Leaving out all pictures, repeat exactly the lines from the one that holds "Эскиз для вышивки" to the last line of the entries below.

#### INFORMATION SUPPLIED

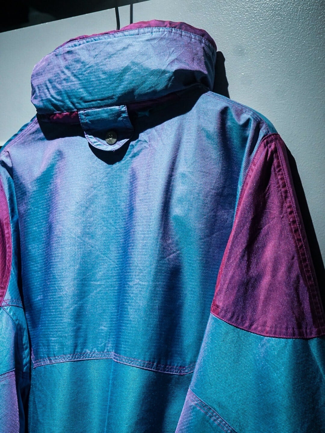 水色、ピンクと、オーロラのように見る角度によって色の移り変わる"玉虫色"のボディーが光り輝く美しさを放つナイロン生地をボディに使用したアノラックジャケット。
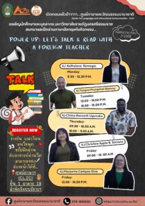 The Center for Languages and Intercultural Communication invites all students and staff to join “Power Up: Let’s Talk and Read with a Foreign Teacher”—a fun activity where you can practice English conversation or improve your English reading skills with a foreign instructor.
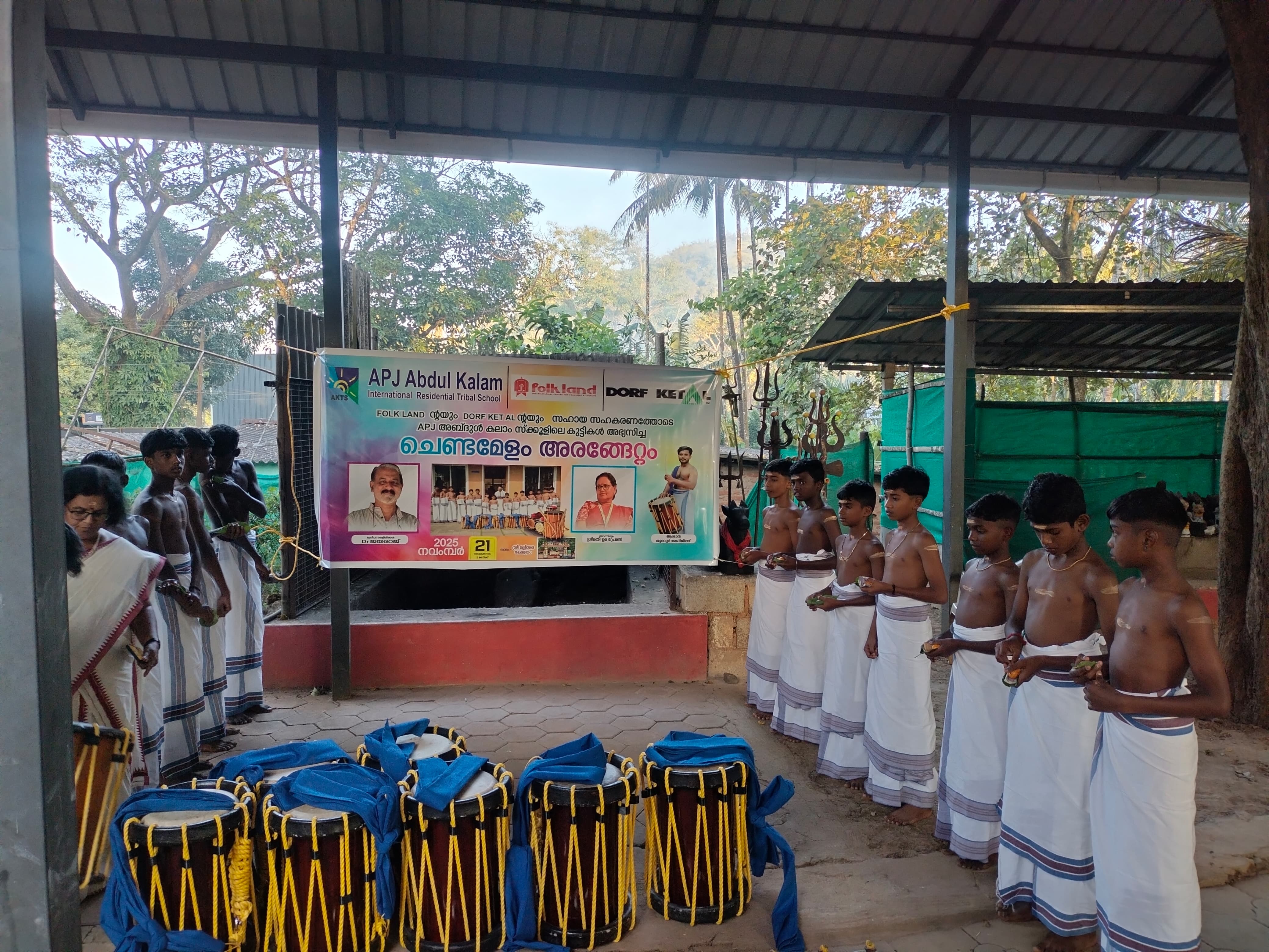Folkland, with the CSR support of Dorf Ketal, successfully completed an eight-month Chenda Melam training programme for students of APJ Abdul Kalam International Residential Tribal School, Attappadi. The valedictory programme was presided over by Mrs Uma Preman, with an introductory address by Mr P. J. James, and inaugurated by Dr V. Jayarajan, Chairman of Folkland, who highlighted the cultural significance of traditional percussion in connection with World Heritage Week (19–25 November 2025). The students’ Arangettam was held at Malleswaran Kovil, Chemmannur, a sacred centre for the Irula community. Fifteen students presented their debut Chenda Melam performance after receiving training from eminent percussionist Mr Abhijith, marking a proud milestone in their cultural journey.
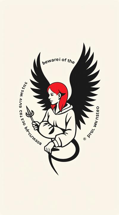 Эскиз для вышивки на толстовке. Девушка ангел с рыжими волосами, чёрные крылья, демонический хвостик не как у животного с треугольничком на конце, рожки, в руке трезубец. демоническая ухмылка. Надпись "Осторожно злой хозяин" латинский алфавит, начало сверху продолжение снизу. В руке поводок от ошейника собаки, рядом собака сидит породы хаски русого оттенка. Одета в короткий топик и шортики. Вызывает страх.
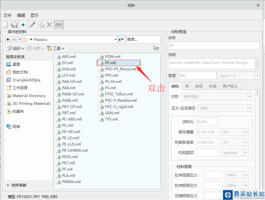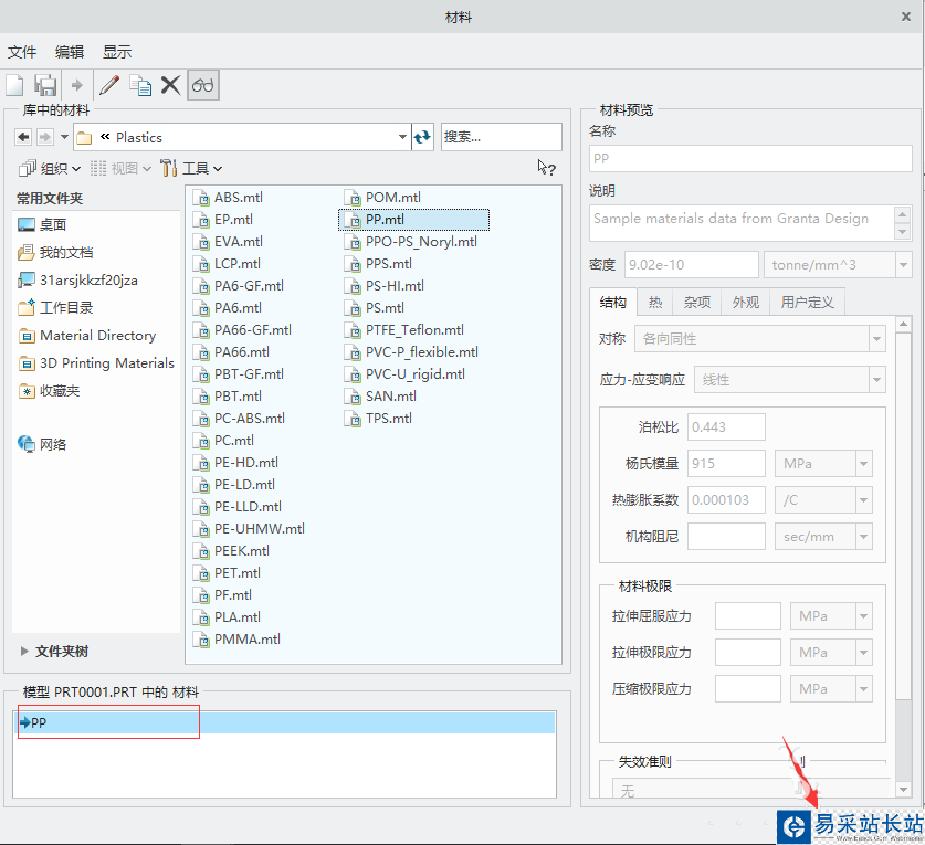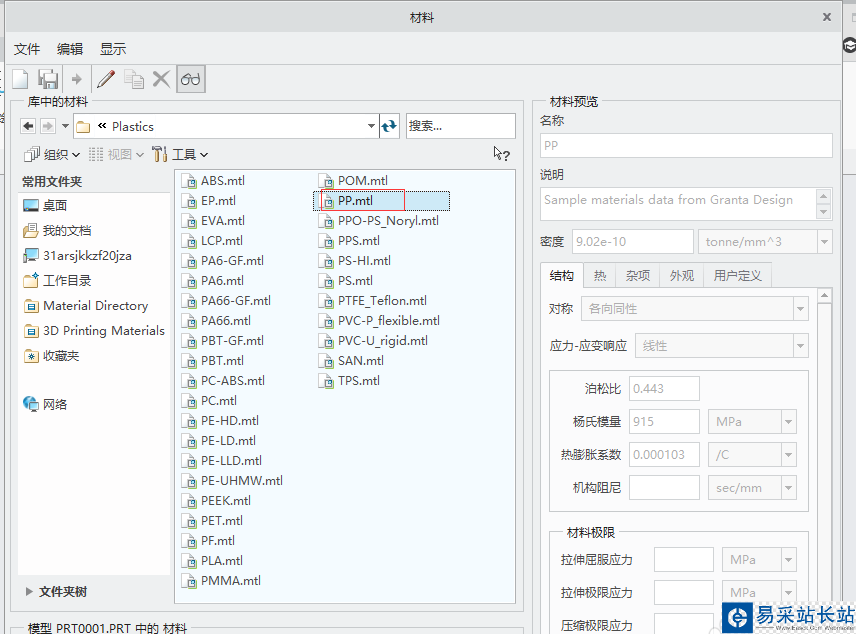 4、在彈出的”材料“對(duì)話框,在材料目錄選擇材料。(比如我選擇PP材料,材料路徑為:Material Directory →Standard-Materials_Granta-Design→Plastics 然后選擇PP.mtl)
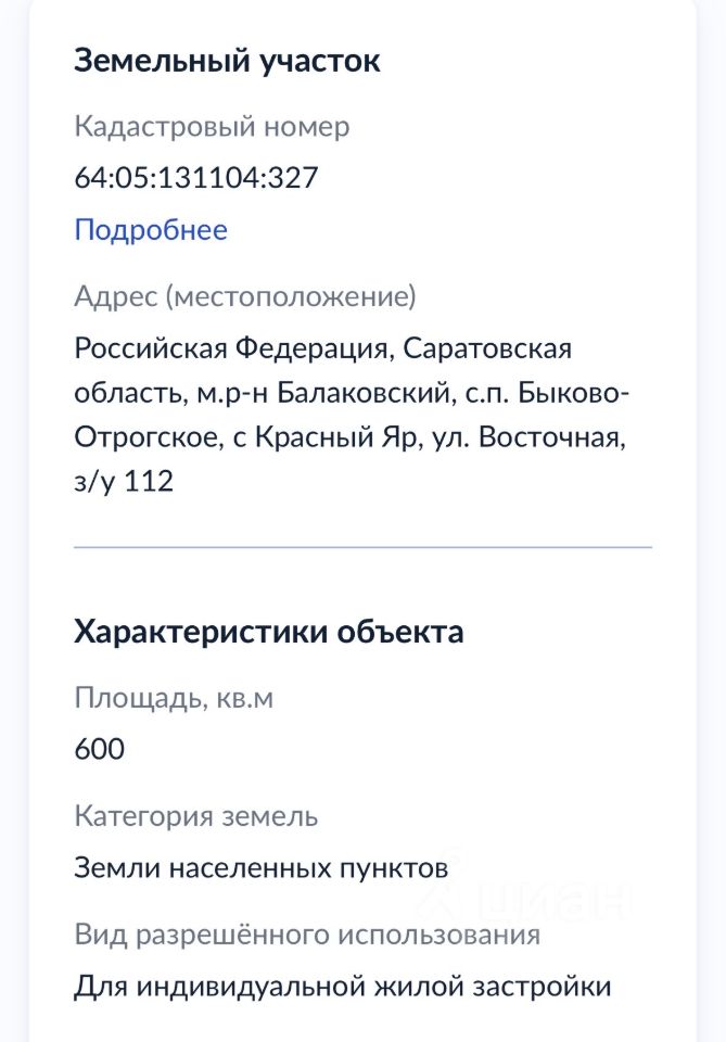 Адрес: Саратовская область, Балаковский район, Быково-Отрогское сельское поселение, с. Красный Яр, ул. Восточная, участок 3/у 112.
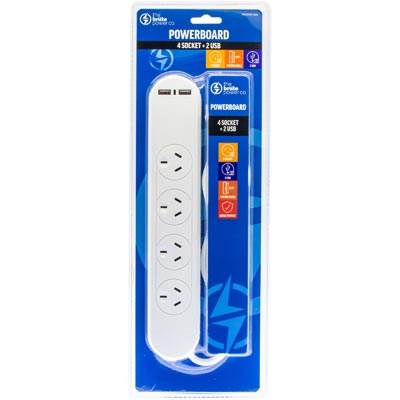The Brute Power Co. 4 Socket + 2 USB Ports Powerboard White

########

> ANSWER FOR THIS EXERCISE:
 Эскиз для вышивки на толстовке. Девушка ангел с рыжими волосами, чёрные крылья, демонический хвостик не как у животного с треугольничком на конце, рожки, в руке трезубец. демоническая ухмылка. Надпись "Осторожно злой хозяин" латинский алфавит, начало сверху продолжение снизу. В руке поводок от ошейника собаки, рядом собака сидит породы хаски русого оттенка. Одета в короткий топик и шортики. Вызывает страх.
 4、在彈出的”材料“對(duì)話框,在材料目錄選擇材料。(比如我選擇PP材料,材料路徑為:Material Directory →Standard-Materials_Granta-Design→Plastics 然后選擇PP.mtl)
 Адрес: Саратовская область, Балаковский район, Быково-Отрогское сельское поселение, с. Красный Яр, ул. Восточная, участок 3/у 112.
The Brute Power Co. 4 Socket + 2 USB Ports Powerboard White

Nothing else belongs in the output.